The dollar is trading thin as Trump passes the pandemic aid package

TOKYO (Reuters) – The dollar has rejected news of President Trump opposing the threat to block a thin-walled COVID-19 aid bill on Monday with many investors on holiday.

PHOTO FILE: Invoices in pounds and US dollars are seen in this illustration made on January 6, 2020. REUTERS / Dado Ruvic / Illustration

The pound hovered below a 2 1/2-year high in the Asian session following last week’s agreement on a narrow Brexit trade deal that does not cover the UK financial sector.

The dollar index changed slightly to 90,224, following a three-day slide.

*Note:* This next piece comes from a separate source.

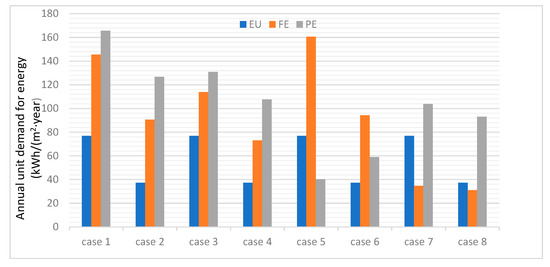 - —annual demand for final energy supplied to the analyzed system in a building, (kWh/year)

The pound added 0.1% to $ 1.3544, beating water below the 2 1/2 year high of $ 1.3625 earlier this month.

Trump signed the $ 2.3 trillion pandemic aid and spending package law, officials said Sunday night, avoiding the federal government’s partial shutdown.

Earlier, he wrote on encrypted Twitter: “Good news about Covid Relief Bill. Information to follow! Earlier, he had called for an increase in stimulus controls for Americans with difficulty to $ 2,000 from $ 600.

The euro fell 0.1% to $ 1.2199, still retreating from the 2 1/2 year high of $ 1.2273 reached this month.

While last week’s Brexit deal came as a relief to investors, the nature of the pact leaves Britain much more detached from the EU, analysts say, suggesting that the cut that beat Britain’s 2016 assets will not go away any time soon.

Brussels has not yet made any decision on granting Britain access to the bloc’s financial market.

Mitsuo Imaizumi, chief FX strategist at Daiwa Securities in Tokyo, expects the pound and the euro to fall against the dollar, reaching $ 1.30 and $ 1.15, respectively, by the end of the summer.

“Regardless of the Brexit agreement, the cable will no longer work,” he said.

“It’s buy the rumor, sell the truth.”

The dollar was slightly lower at 103.63 yen.

Political factors in central Japan have been divided on how far they should go in examining the control of the yield curve, with some calling for a comprehensive review of the framework, a summary of views expressed in the December rate review showed on Monday.